___ LISTED RECORDS

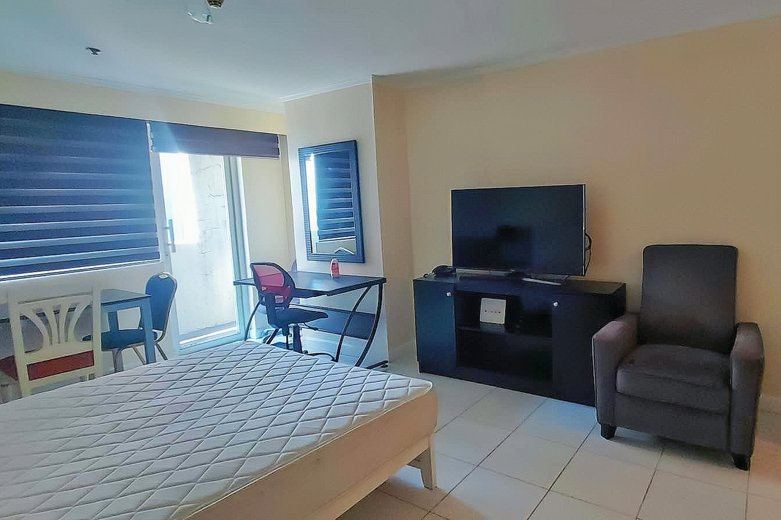 Tiled flooring throughout, modern blinds and split-type inverter air-conditioning
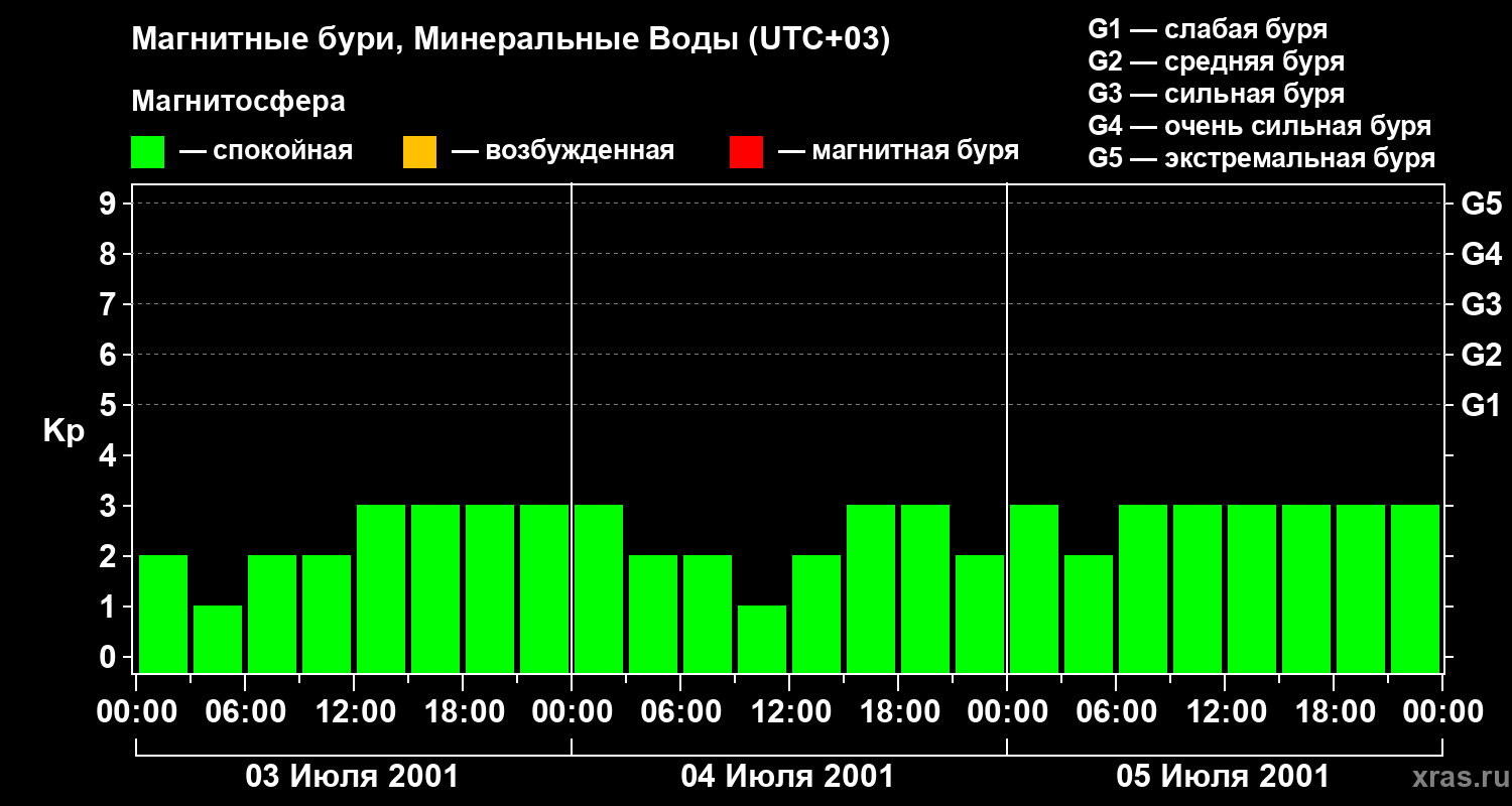 Изменения геомагнитного индекса Kp с 3 по 5 июля 2001 года для средних широт
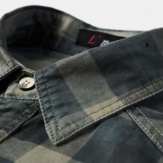 L'MONTE Men's Casual Checkered Khaki Shirts Full Sleeve
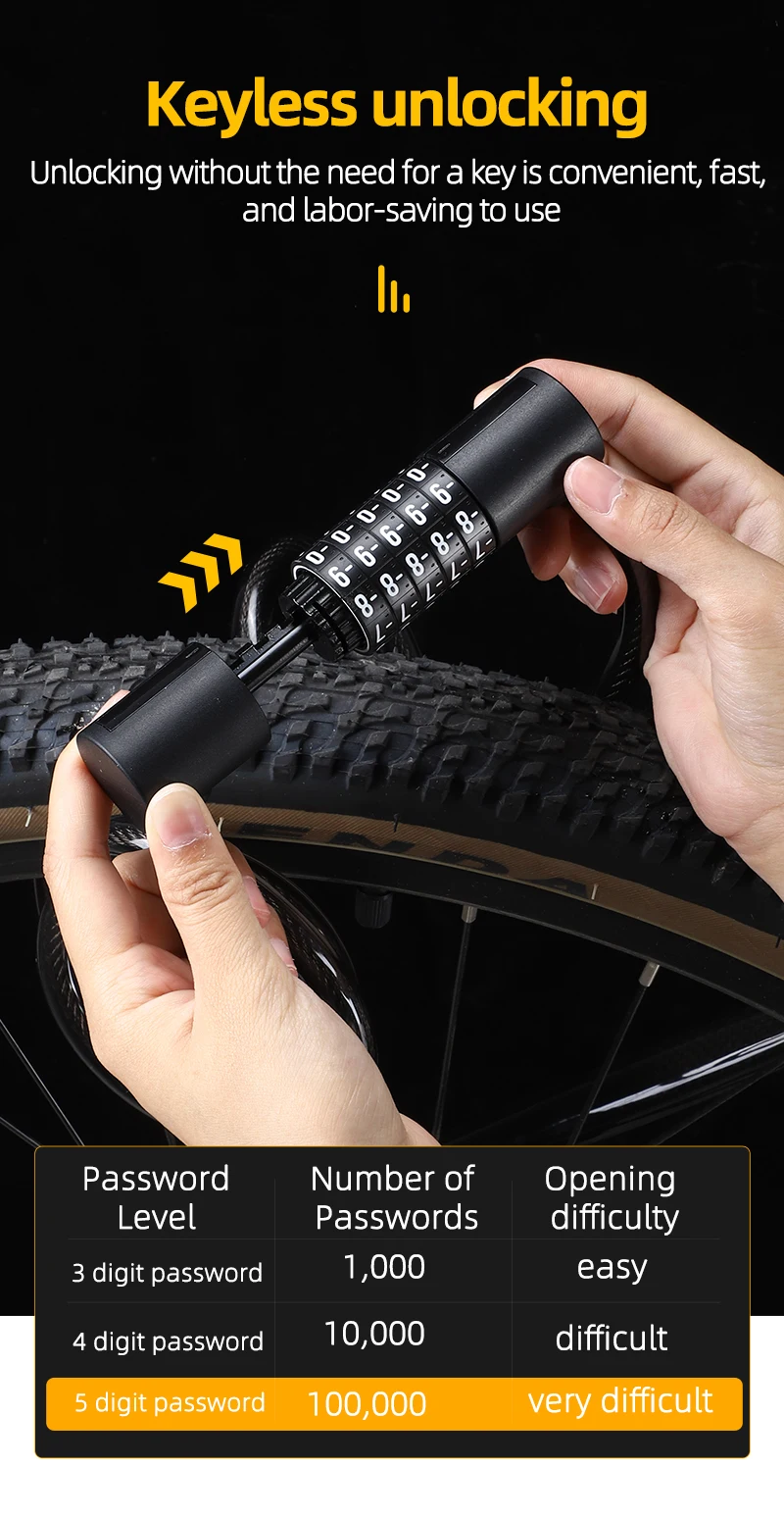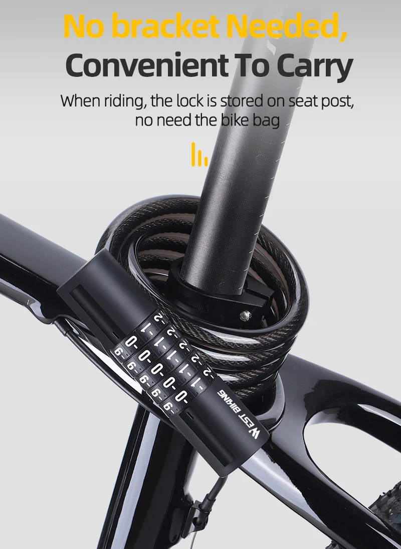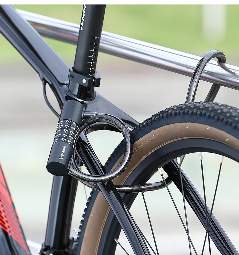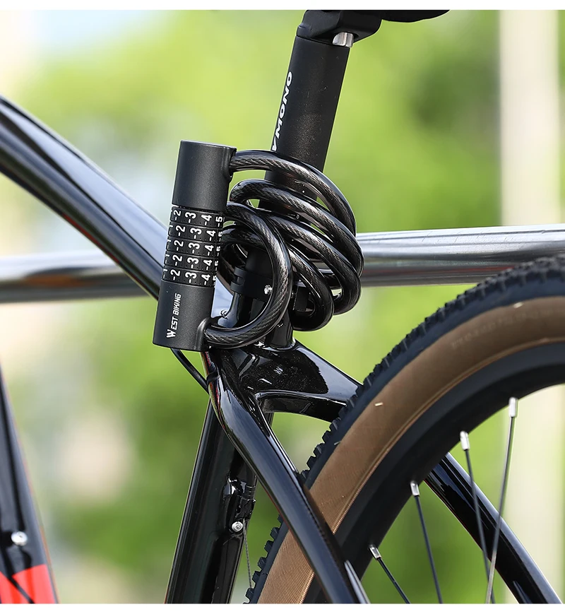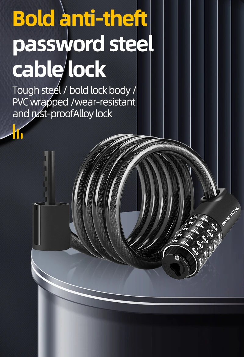 Lucchetto per Bicicletta WEST BIKING con Cavo e Codice a 5 Cifre, Antifurto di Sicurezza per Bici, Moto, E-bike, Accessori per MTB e Bici da Strada
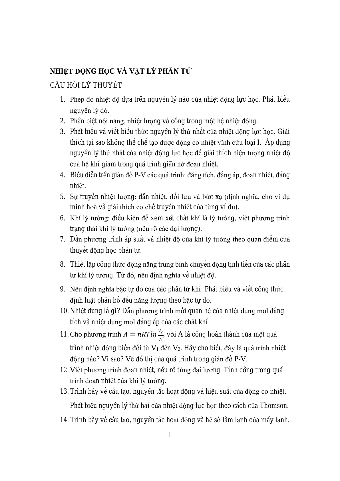 NHIỆT ĐỘNG HỌC VÀ VẬT LÝ PHÂN TỬ CÂU HỎI LÝ THUYẾT
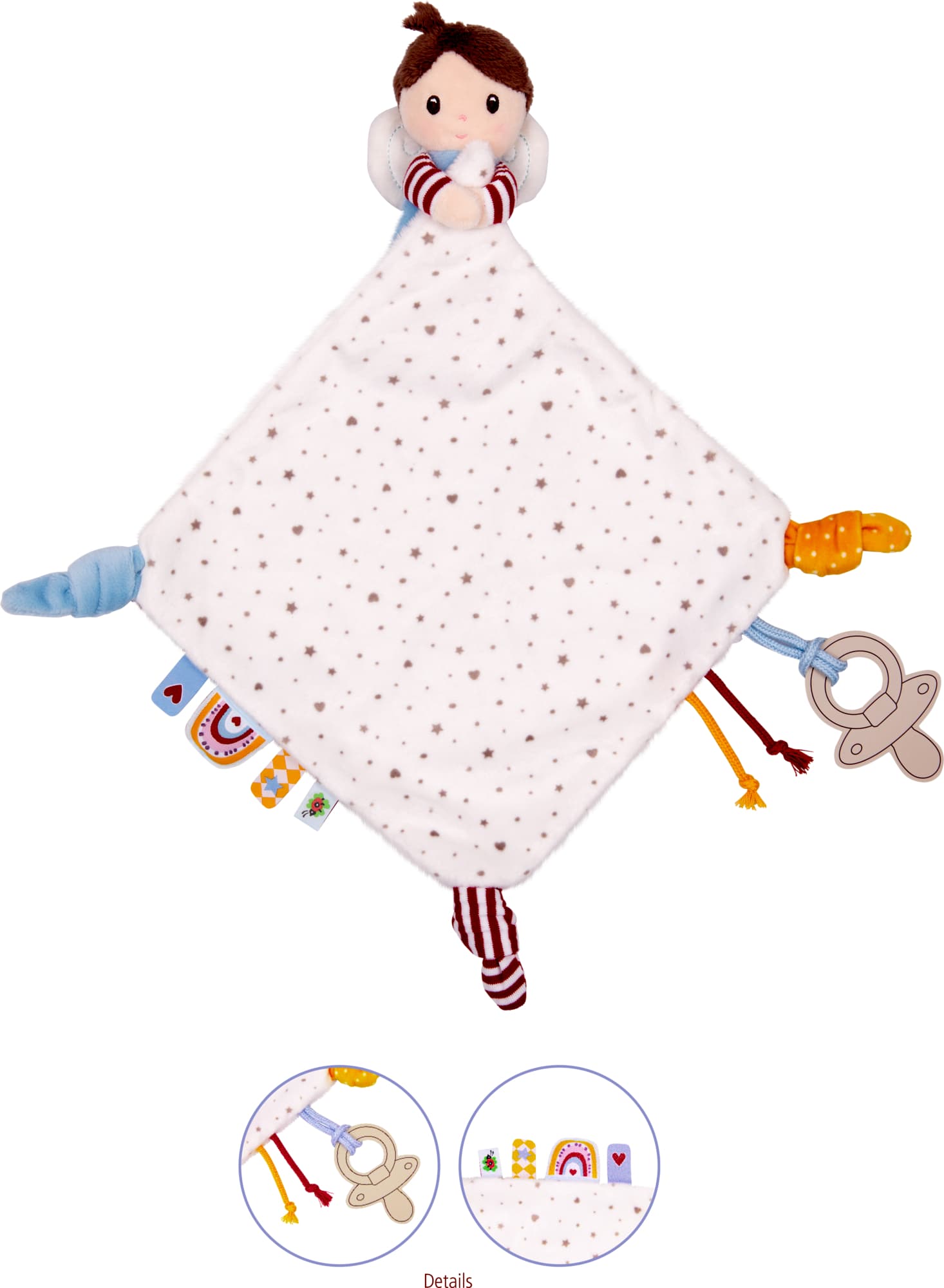 Liebevoll. Das besondere Etwas. Trendiges Design. Hochwertige Materialien. Spielsachen, die Kindern Spaß machen. Geschenkideen zu jedem Anlass… all das ist BabyGlück.Das Schnullertuch von Die Spiegelburg ist der ideale Begleiter für die Kleinsten und sorgt für beruhigende Momente im Alltag. Mit großzügigen Maßen von ca. 34 x 35 cm und aus kuschelweichem Material gefertigt, bietet es Babys Geborgenheit und Wohlgefühl. Das liebevolle Schutzengel-Motiv und verschiedene Fühlelemente laden zum Entdecken und Greifen ein und wecken sanft Babys Neugier. Besonders praktisch: Der Schnuller kann mit einer Schlaufe sicher am Schnuffeltuch befestigt werden und ist somit immer griffbereit. Das Tuch ist waschbar bei 30 Grad und somit einfach zu reinigen – ideal für den täglichen Einsatz. Egal ob zur Geburt, zur Taufe oder zum ersten Geburtstag: für (werdende) Eltern, Großeltern und Freunde, die auf der Suche nach einer langlebigen Geschenkidee sind, ist BabyGlück die perfekte Wahl.
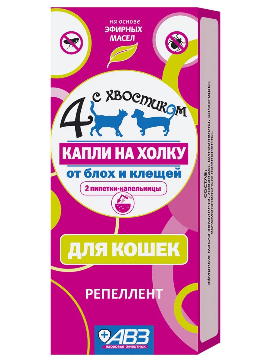 Four with a Tail AVZ (Agrovetzashita) flea and tick drops for cats, 2 pipettes. Benefits: Contains a blend of natural essential oils. Reliably protects animals from attacks by a wide range of insects and ticks that infest cats. Completely safe to use. Ingredients and Properties: Four with a Tail drops contain a blend of lavender (2%), citronella (2%), and schisandra (2%) essential oils. The drops are a clear, light-yellow oily liquid with a distinctive aromatic odor. The essential oils of lavender, citronella, and schisandra, included in the drops, have a pronounced repellent effect on lice, fleas, chewing lice, ixodid, and sarcoptic mites that infest cats. The repellent effect after a single treatment lasts up to 3 weeks against ixodid ticks and up to 8 weeks against fleas. Four-and-a-Tail Repellent Drops applied to the withers, when used at the recommended doses, do not have a local irritant, resorptive-toxic, or sensitizing effect. Indications: For cats, to prevent entomoses, sarcoptic mange, notoedrosis, and ixodid tick infestations. Apply the drops to the skin along the spine, parting the fur, at several points on the back between the shoulder blades, on the head, and at the base of the tail, at the doses indicated in the table. Repeat treatments are performed as indicated. Special Instructions: If the drops accidentally come into contact with mucous membranes, rinse immediately with running water. Side Effects: Increased individual sensitivity to the essential oils contained in the drops may cause allergic reactions. In this case, discontinue use of the drug and administer desensitizing therapy. Do not treat nursing animals or kittens under 8 weeks of age. Storage and shelf life: Store the drug in the manufacturer's packaging, protected from light and moisture, at a temperature of 0 to 30°C. Shelf life: 2 years from the date of manufacture. Dosage form: Polymer dropper. Outer packaging: Cardboard box containing 2 droppers.
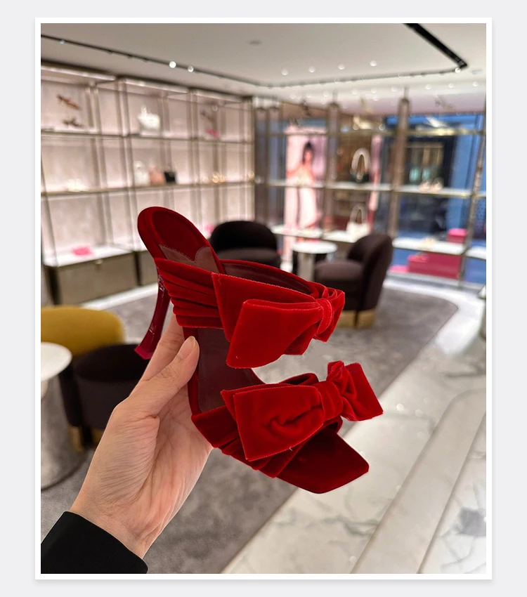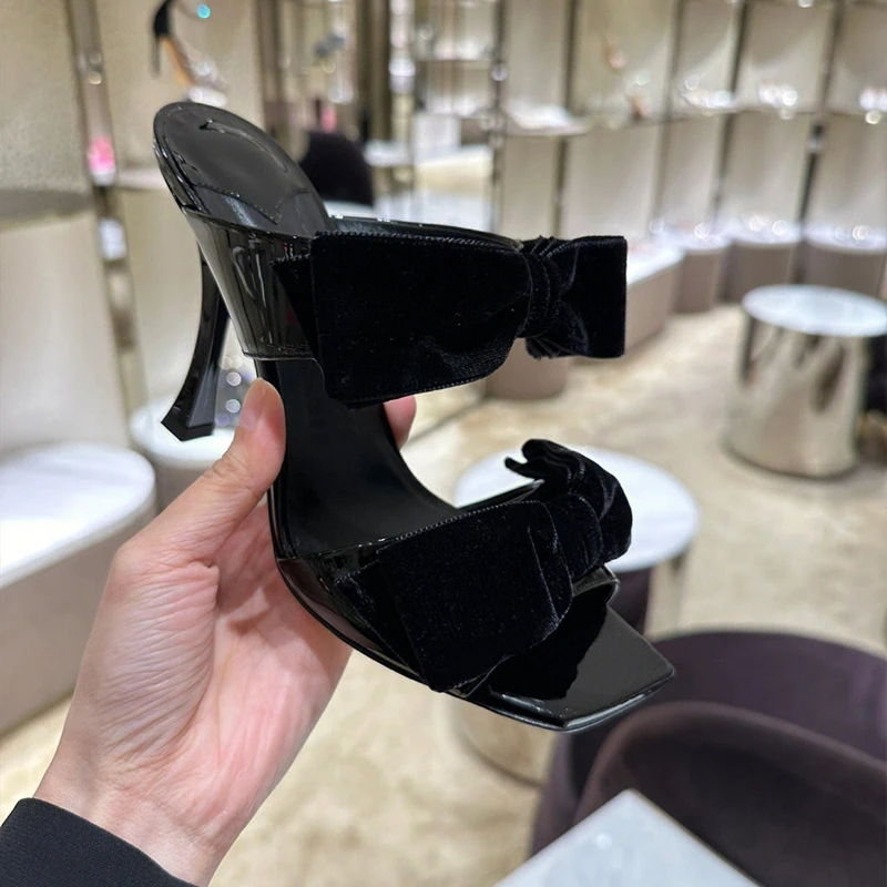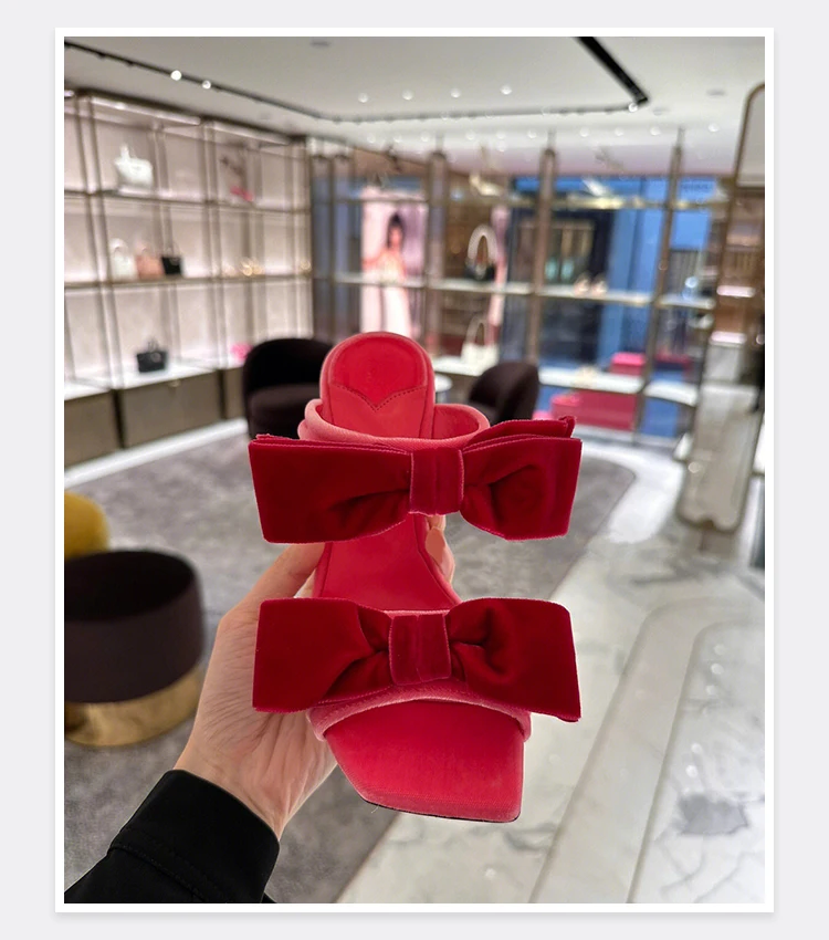 Bow Sugar Pink Pile Sandals 2024 New Lady Sandals Square Toe Open Toe Stiletto B

______

• [WHAT YOU ARE ASKED TO DO] Give the lines exactly, from the first line of the entries to the line with "L'MONTE Men's Casual", both ends included. Skip the pictures.

• [ANSWER FOR THIS EXERCISE]
 Tiled flooring throughout, modern blinds and split-type inverter air-conditioning
 Изменения геомагнитного индекса Kp с 3 по 5 июля 2001 года для средних широт
 L'MONTE Men's Casual Checkered Khaki Shirts Full Sleeve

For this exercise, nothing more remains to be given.